Checking wheter iter->desc is NULL is not worth a function call
especially when we use EPT/NPT because we know it would almost always
be NULL.

Although using "inline" like this does not look clean, we could see
measurable performance improvements: get_dirty_log for 1GB dirty memory
became faster by more than 10% on my test box.

Signed-off-by: Takuya Yoshikawa <yoshikawa.takuya@oss.ntt.co.jp>
---
 arch/x86/kvm/mmu.c |   38 +++++++++++++++++++++++---------------
 1 files changed, 23 insertions(+), 15 deletions(-)

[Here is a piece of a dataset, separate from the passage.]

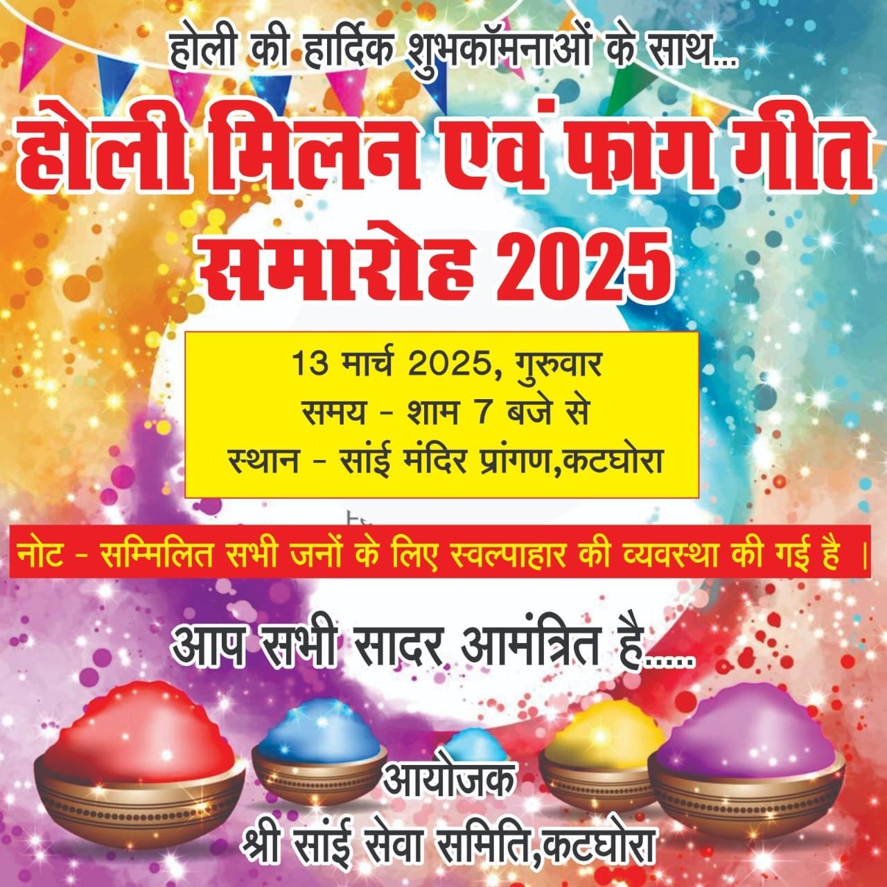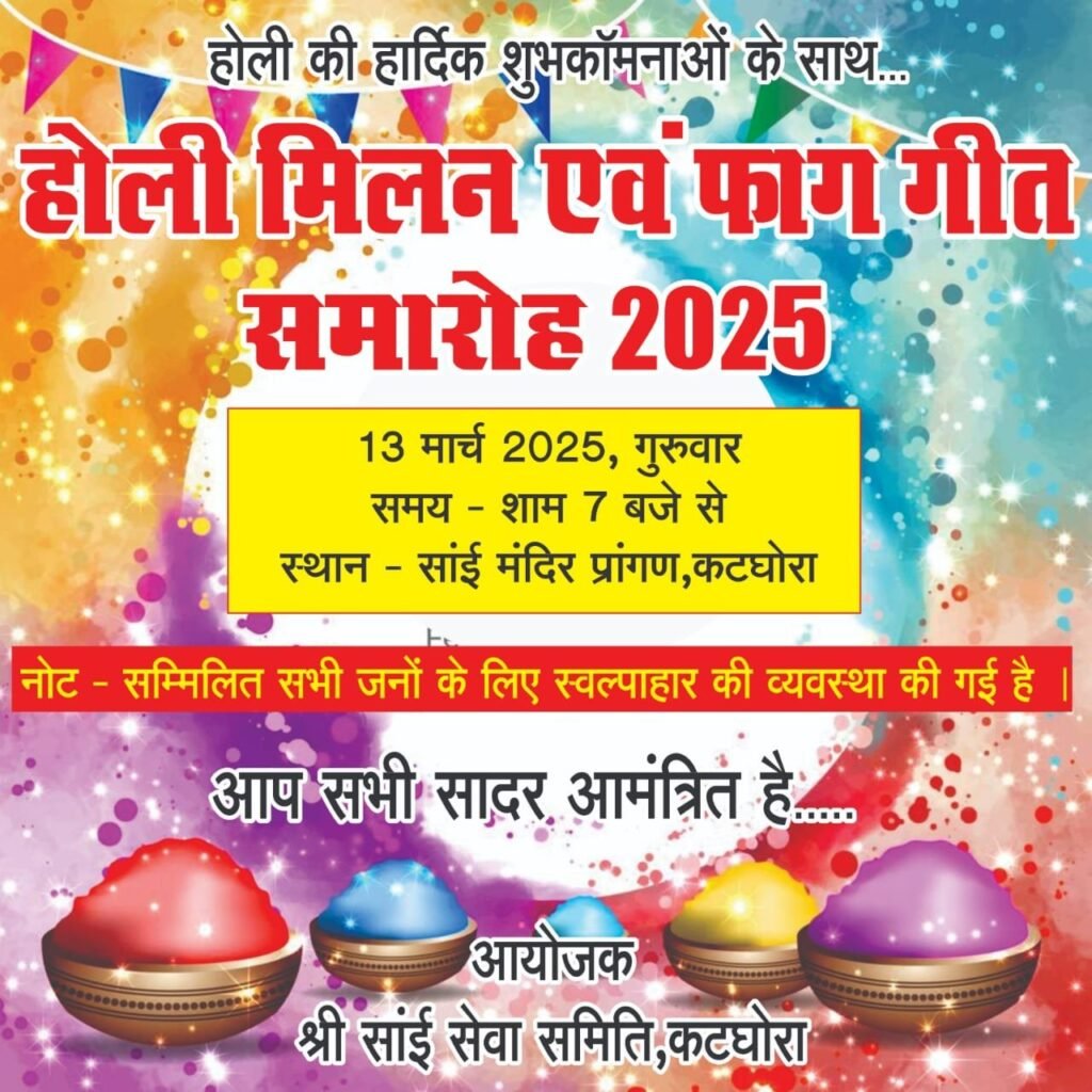 होली के धुंधार कटघोरा साई मंदिर प्रांगण में, गीतो से सुख समृद्धि उमंग प्रेम का रंग बिकेंगे, होली मिलन समारोह 2025,,,

diff --git a/arch/x86/kvm/mmu.c b/arch/x86/kvm/mmu.c
index d042087..8aa58a1 100644
--- a/arch/x86/kvm/mmu.c
+++ b/arch/x86/kvm/mmu.c
@@ -1016,30 +1016,38 @@ static bool rmap_get_first(unsigned long rmap, struct rmap_iterator *iter)
  *
  * Returns true if spte is found, false otherwise.
  */
-static bool rmap_get_next(struct rmap_iterator *iter)
+static bool __rmap_get_next(struct rmap_iterator *iter)
 {
-	if (iter->desc) {
-		if (iter->pos < PTE_LIST_EXT - 1) {
-			++iter->pos;
-			iter->sptep = iter->desc->sptes[iter->pos];
-			if (iter->sptep)
-				return true;
-		}
+	if (iter->pos < PTE_LIST_EXT - 1) {
+		++iter->pos;
+		iter->sptep = iter->desc->sptes[iter->pos];
+		if (iter->sptep)
+			return true;
+	}
 
-		iter->desc = iter->desc->more;
+	iter->desc = iter->desc->more;
 
-		if (iter->desc) {
-			iter->pos = 0;
-			iter->sptep = iter->desc->sptes[iter->pos];
-			/* desc->sptes[0] cannot be NULL */
-			return true;
-		}
+	if (iter->desc) {
+		iter->pos = 0;
+		iter->sptep = iter->desc->sptes[iter->pos];
+		/* desc->sptes[0] cannot be NULL */
+		return true;
 	}
 
 	iter->sptep = NULL;
 	return false;
 }
 
+/* Make this trivial check alone inlined by putting inline. */
+static inline bool rmap_get_next(struct rmap_iterator *iter)
+{
+	if (iter->desc)
+		return __rmap_get_next(iter);
+
+	iter->sptep = NULL;
+	return false;
+}
+
 static void drop_spte(struct kvm *kvm, u64 *sptep)
 {
 	if (mmu_spte_clear_track_bits(sptep))
-- 
1.7.5.4


^ permalink raw reply related	[flat|nested] 15+ messages in thread

* Re: [PATCH 1/3] KVM: MMU: Make pte_list_desc fit cache lines well
  2012-03-15  9:19 ` [PATCH 1/3] KVM: MMU: Make pte_list_desc fit cache lines well Takuya Yoshikawa
@ 2012-03-15  9:22   ` Avi Kivity
  0 siblings, 0 replies; 15+ messages in thread
From: Avi Kivity @ 2012-03-15  9:22 UTC (permalink / raw)
  To: Takuya Yoshikawa; +Cc: mtosatti, kvm

On 03/15/2012 11:19 AM, Takuya Yoshikawa wrote:
> We have PTE_LIST_EXT + 1 pointers in this structure and these 40/20
> bytes do not fit cache lines well.  Furthermore some allocators may
> use 64/32-byte objects for the pte_list_desc cache.
>
> This patch solves this problem by raising PTE_LIST_EXT to 7.
>
> Note: with EPT/NPT we almost always have a single spte in each reverse
> mapping and nothing will be changed by this.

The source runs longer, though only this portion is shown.